If any one should so far depart from common sense as to question the mortality of some great king, we should think it sufficient to say for all argument--the king is a man!--virtually implying the whole triplet above mentioned:--
"All men are mortal. The king is a man; Therefore the king is mortal."
"In pursuing the supposed investigation, (into the operation of reasoning,)" says Archbishop Whately, "it will be found that every conclusion is deduced, in reality, from two other propositions, (thence called Premisses;) for though one of these may be and commonly is suppressed, it must nevertheless be understood as admitted, as may easily be made evident by supposing the denial of the suppressed premiss, which will at once invalidate the argument; e.g. if any one, from perceiving that 'the world exhibits marks of design,' infers that 'it must have had an intelligent author,' though he may not be aware in his own mind of the existence of any other premiss, he will readily understand, if it be denied that 'whatever exhibits marks of design must have had an intelligent author,' that the affirmative of that proposition is necessary to the solidity of the argument. An argument thus stated regularly and at full length, is called a syllogism; which, therefore, is evidently not a peculiar kind of argument, but only a peculiar form of expression, in which every argument may be stated."--Whately's Logic, p. 27.
"It will be found," he continues, "that all valid arguments whatever may be easily reduced to such a form as that of the foregoing syllogisms; and that consequently the principle on which they are constructed is the UNIVERSAL PRINCIPLE of reasoning. So elliptical, indeed, is the ordinary mode of expression, even of those who are considered as prolix writers,--i.e. so much is implied and left to be understood in the course of argument, in comparison of what is actually stated, (most men being impatient, even to excess, of any appearance of unnecessary and tedious formality of statement,) that a single sentence will often be found, though perhaps considered as a single argument, to contain, compressed into a short compass, a chain of several distinct arguments. But if each of these be fully developed, and the whole of what the author intended to imply be stated expressly, it will be found that all the steps, even of the longest and most complex train of reasoning, may be reduced into the above form."--P. 32.
That it is not the office of the syllogism to discover new truths, our logician fully admits, and takes some pains to establish. This is the office of "other operations of mind," not unaccompanied, however, with acts of reasoning. Reasoning, argument, inference, (words which he uses as synonymous,) have not for their object our advancement in knowledge, or the acquisition of new truths.

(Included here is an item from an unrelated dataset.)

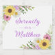 Celebrate your special day with this watercolor floral wedding wine label featuring cheerful sunflowers, soft white daisies, and delicate wildflowers in pink, purple, and green tones. Personalized with the bride and groom’s names, this elegant boho chic garden design adds a charming, romantic touch to your spring and summer wedding. Perfect for garden parties, outdoor ceremonies, or shabby chic-themed celebrations, this wine label pairs beautifully with invitations, place cards, napkins, and other items from your floral wedding suite, creating a cohesive, polished look for your big day.
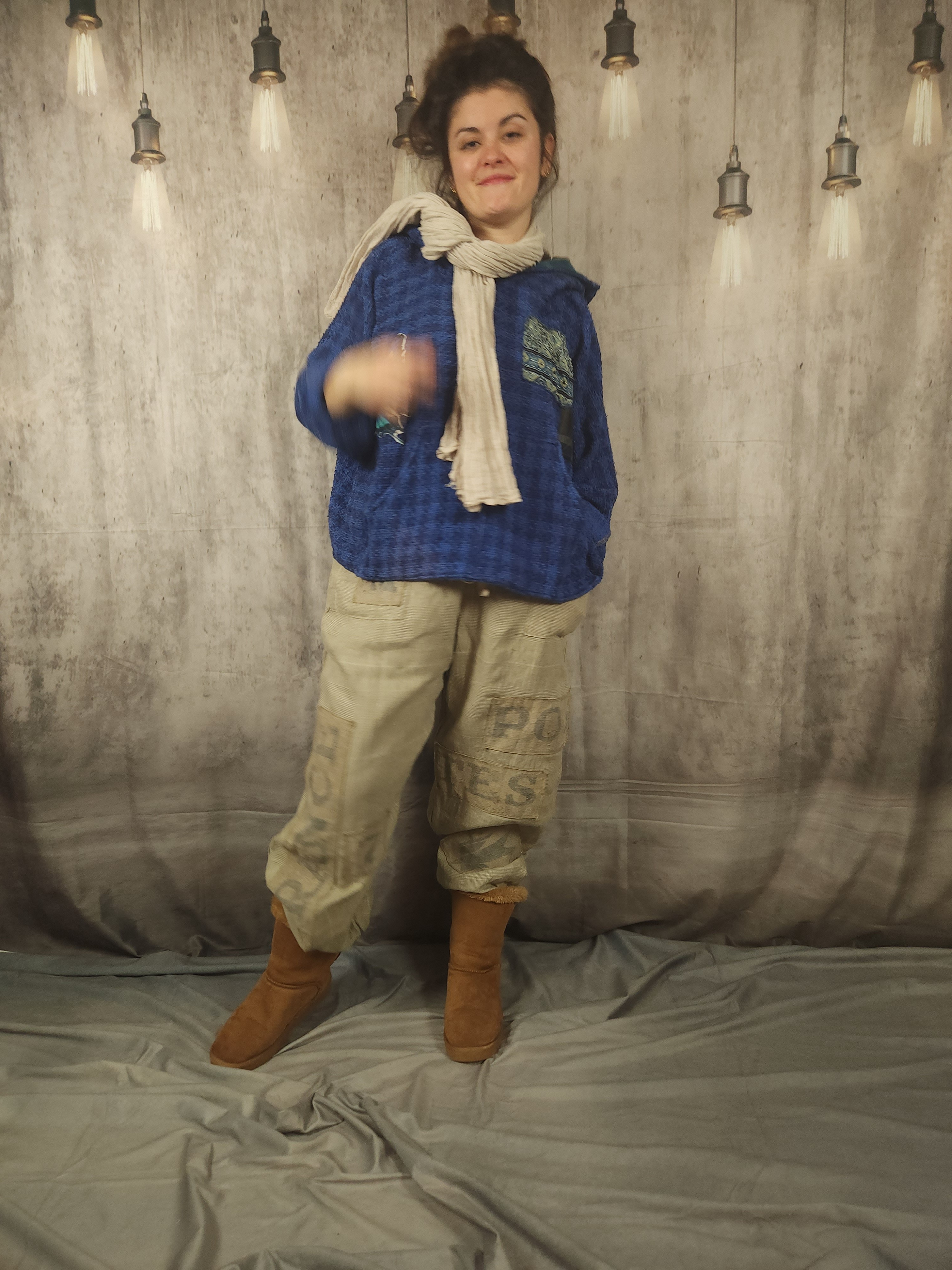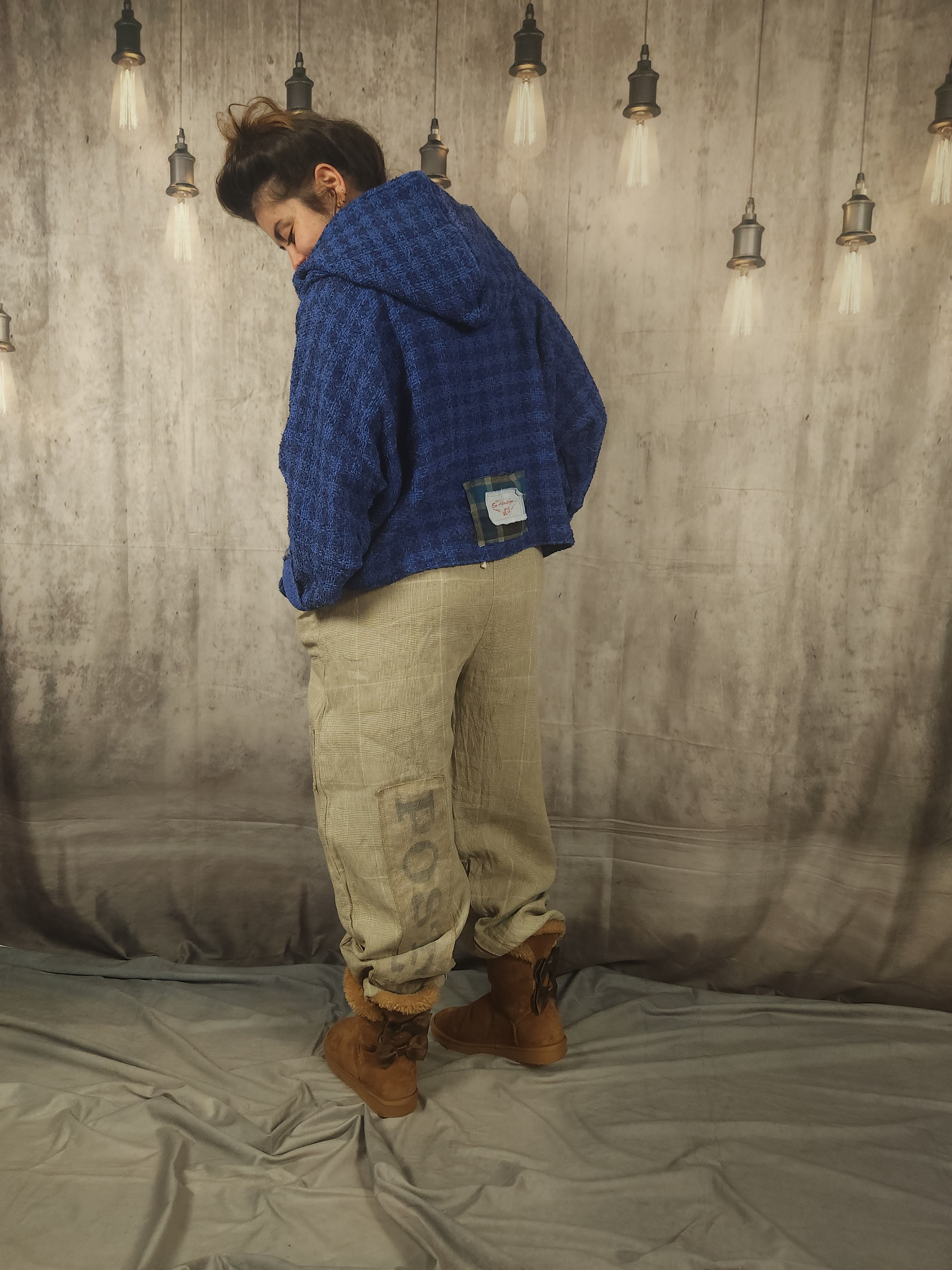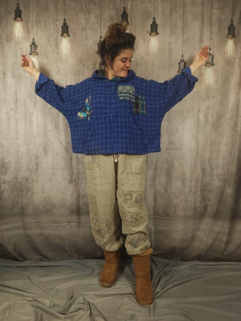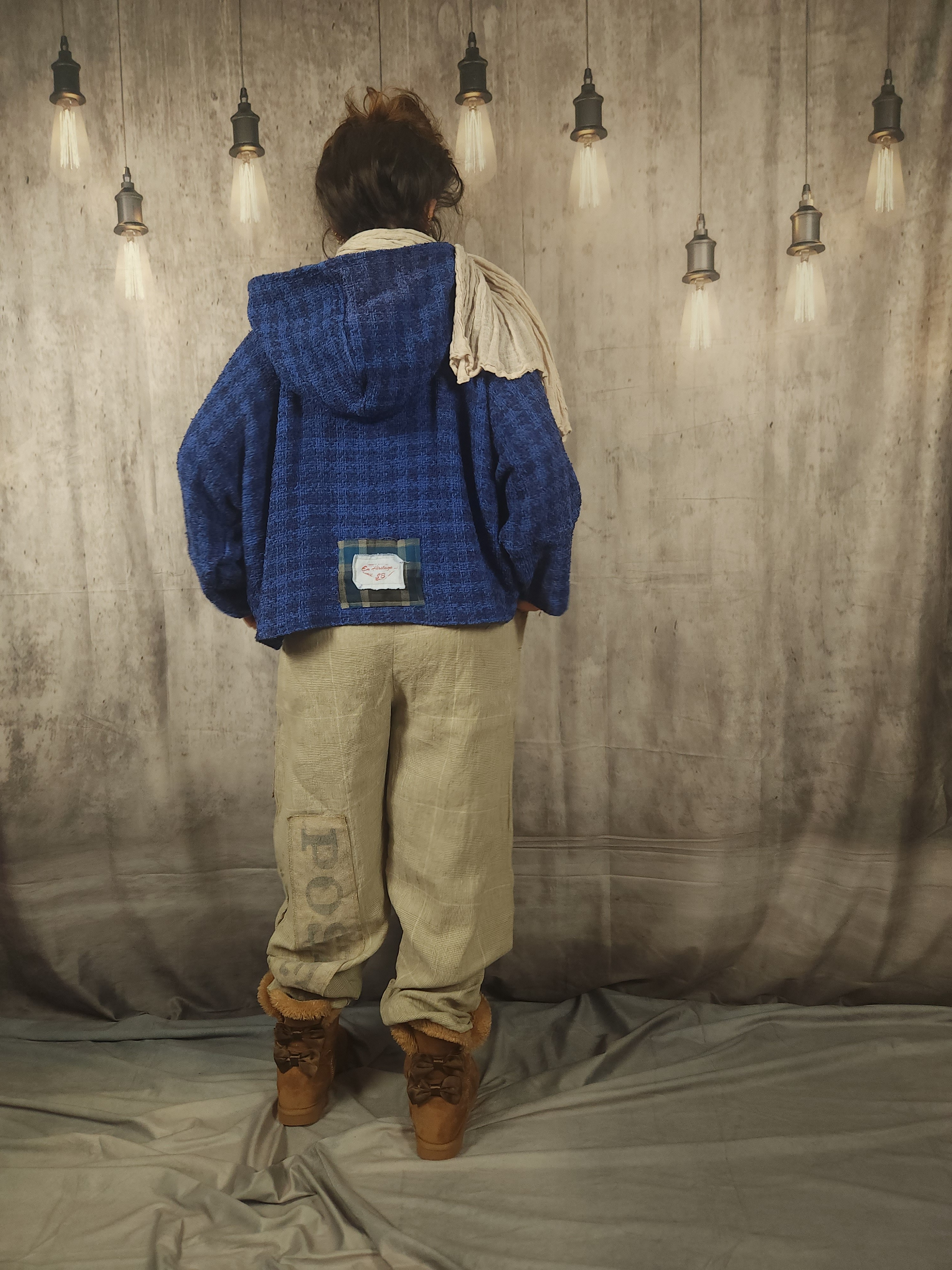 Pièce unique pour ce pull réalisé dans un beau tweed coton ancien ,

"Much has been said," says Archbishop Whately, in another portion of his work, "by some writers, of the superiority of the inductive to the syllogistic methods of seeking truth, as if the two stood opposed to each other; and of the advantage of substituting the Organon of Bacon for that of Aristotle, &c. &c., which indicates a total misconception of the nature of both. There is, however, the more excuse for the confusion of thought which prevails on this subject, because eminent logical writers have treated, or at least have appeared to treat, of induction as a kind of argument distinct from the syllogism; which, if it were, it certainly might be contrasted with the syllogism: or rather the whole syllogistic theory would fall to the ground, since one of the very first principles it establishes, is that all reasoning, on whatever subject, is one and the same process, which may be clearly exhibited in the form of syllogisms.
"This inaccuracy seems chiefly to have arisen from a vagueness in the use of the word induction; which is sometimes employed to designate the process of investigation and of collecting facts, sometimes the deducing an inference from those facts. The former of these processes (viz. that of observation and experiment) is undoubtedly distinct from that which takes place in the syllogism; but then it is not a process of argumentation: the latter again is an argumentative process; but then it is, like all other arguments, capable of being syllogistically expressed."--P. 263.
"To prove, then, this point demonstratively, (namely, that it is not by a process of reasoning that new truths are brought to light,) becomes on these data perfectly easy; for since all reasoning (in the sense above defined) may be resolved into syllogisms; and since even the objectors to logic make it a subject of complaint, that in a syllogism the premises do virtually assert the conclusion, it follows at once that no new truth (as above defined) can be elicited by any process of reasoning.